The birds are chirruping, the Will Selfs are gambolling on their lawn and all unaware of the Tracey Emin (now fitted with a bell about her neck – albeit a doorbell) that stalks them. We watch nature’s delightful cycle, that natural circle of everything but we being terrified, nervous and dead long before their time. Or right on time, as John le Mesurier decides. Or perhaps he delegates?
“I delegate,” he agrees. “Or rather being frightful, I leave it to others.”
He’s up here because he does so hate being angry. Back down south and Arch-Bishops are burbling about gay-marriage, and the middle classes are burbling about Bishops. And it’s none of it all a part of John le Mesurier’s grand-design. Or his Grand Designs, but no one listens and mention of his rather charmingly vague plans puts him in need of a cake, so I have to hunt up tin, slice and plate.
“They all point at me, the darlings,” says John le Mesurier. “You think they’d be more grateful? Or only a little?”
“Your Grand Designs?” I say. I have to do it from the work surface because his appearance rather startled.
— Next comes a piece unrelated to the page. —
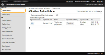 Ongeacht de instelling van Afdeling-ID beheer, bevat de lijst alle afdruktaken die worden afgedrukt en die wachten op afdrukken.
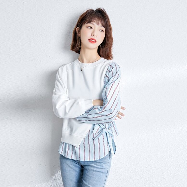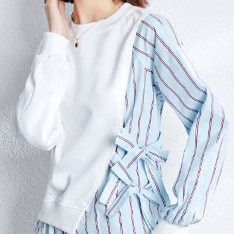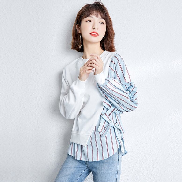 レイヤード風プルオーバー レディース 送料無料 異素材MIXトップス クルーネックミドル丈異素材ドッキングデザインカットソー ブラウス 白トップス サイドリボンストライプシャツドッキングカットソー アシンメトリーストライプシャツ切り替えトップス 長袖 切り替えデザイン リボン ベルト 大人可愛い きれいめ 上品 レトロ 大人女子 こなれ感 キュート ガーリー エレガント 白 ホワイト ストライプ インスタ映え 春夏 秋冬 おしゃれ デイリー お出かけ デート オフィス 通勤 通学 パーティー 二次会

By rather meaning very-much, and by startled screeching like a stuck cat and vertically jumping my own height in surprise.
“I put it on the frightful box for them,” he says. He adds as I clamber down, “Kevin McCloud, earnest fellow. Programme to do with chaps building hobbit-holes, or all of glass, or the one made of straw?”
“I saw that one,” I say.
“Everyone saw that one, dear heart,” says John le Mesurier. Grand Designs is god’s grand design to make everything on television occupy the teatime slot on a Sunday. Albeit all the time. He’s tried to show the difference. A tired old jab at reality television, but one apt. After all it takes quite some talent, quite some effort. Throw ten balls in a crowded-anywhere and you will probably hit ten people that don’t argue all that much, get to know one another and given that all they have to do is one task a week – do it. So ten balls sucked into vacuity, then well...
He sighs.
I say, “Is that wise, sir?”
He at least pretends to appreciate the quote. But snow, and not here, because we’re godly folk in Tolly Maw, though our vicar is Ming The Merciless and god is John le Mesurier, and worship is best through a black and white film. On a Sunday, afternoon, before tea. And is there a black and white film on? Something Ealing, something holy? No, because if John le Mesurier is not an angry god then he is a sad god. And the best he can do is Carry On Screaming.
So it’s snowing everywhere else and it’ll be slushy, and icy, and filthy in the cities. Unless you sit down with tea, cake, and Carry On Screaming.
“And Bod?” I say, knowing he narrated.
“An anagram,” says John le Mesurier. A clue, and just like Dan Brown – no, it’s not.